START RECORD EXTRACTS

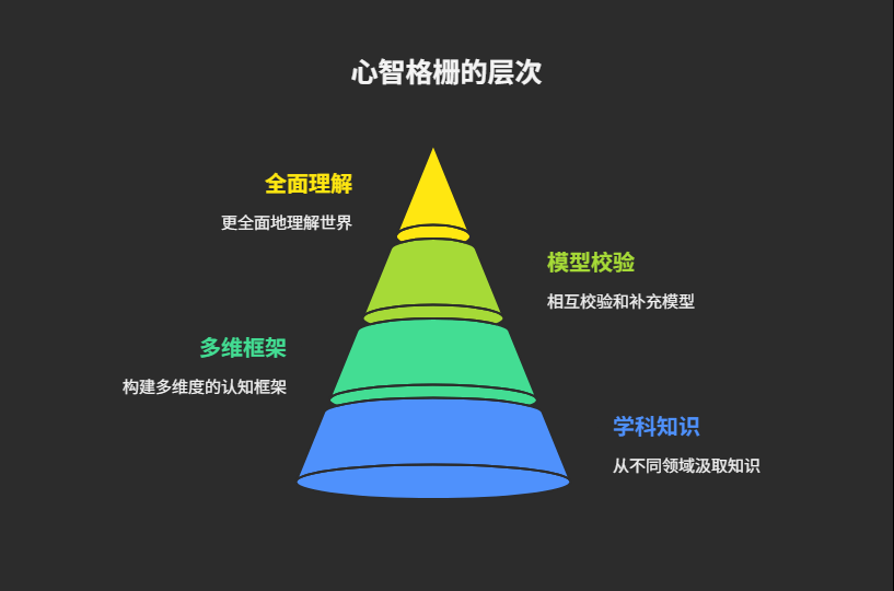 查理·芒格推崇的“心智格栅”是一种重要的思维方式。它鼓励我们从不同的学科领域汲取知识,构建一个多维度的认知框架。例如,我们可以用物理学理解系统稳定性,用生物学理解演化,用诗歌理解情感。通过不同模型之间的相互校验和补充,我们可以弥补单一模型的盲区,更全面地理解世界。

END RECORD EXTRACTS
START RECORD EXTRACTS

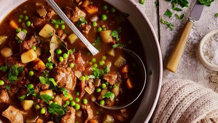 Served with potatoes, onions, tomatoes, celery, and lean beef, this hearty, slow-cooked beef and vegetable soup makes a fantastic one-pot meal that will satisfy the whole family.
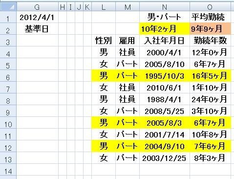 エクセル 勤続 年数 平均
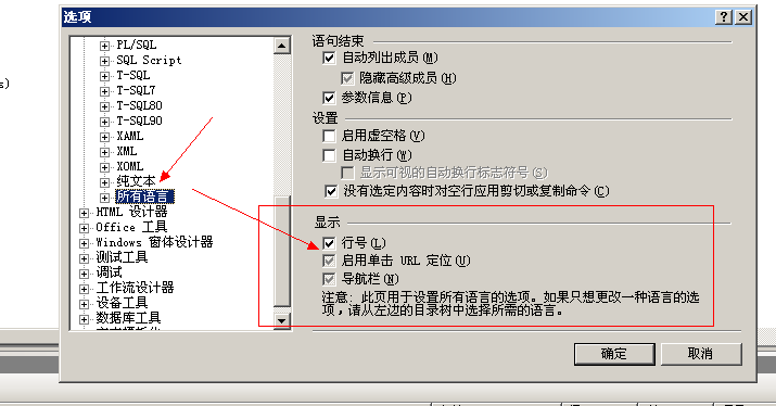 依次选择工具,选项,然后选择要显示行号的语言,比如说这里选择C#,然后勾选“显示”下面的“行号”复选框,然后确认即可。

END RECORD EXTRACTS
START RECORD EXTRACTS

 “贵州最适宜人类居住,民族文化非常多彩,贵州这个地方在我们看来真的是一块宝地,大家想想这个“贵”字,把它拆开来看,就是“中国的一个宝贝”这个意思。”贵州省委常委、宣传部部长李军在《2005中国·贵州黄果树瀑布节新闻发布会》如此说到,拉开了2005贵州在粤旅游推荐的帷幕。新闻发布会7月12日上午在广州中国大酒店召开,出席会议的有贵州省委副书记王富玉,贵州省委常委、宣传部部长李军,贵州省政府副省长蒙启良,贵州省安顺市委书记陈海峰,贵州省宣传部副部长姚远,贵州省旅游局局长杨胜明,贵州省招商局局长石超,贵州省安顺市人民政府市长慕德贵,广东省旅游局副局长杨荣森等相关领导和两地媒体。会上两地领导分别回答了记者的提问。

END RECORD EXTRACTS

* [EXERCISE BRIEF] In the listing above, find the line with "Served with potatoes, onions, tomatoes, celery, and" and the line with "依次选择工具,选项,然后选择". Copy both of them and every line between, exactly, but not the pictures.

* [YOUR RESPONSE]
 Served with potatoes, onions, tomatoes, celery, and lean beef, this hearty, slow-cooked beef and vegetable soup makes a fantastic one-pot meal that will satisfy the whole family.
 エクセル 勤続 年数 平均
 依次选择工具,选项,然后选择要显示行号的语言,比如说这里选择C#,然后勾选“显示”下面的“行号”复选框,然后确认即可。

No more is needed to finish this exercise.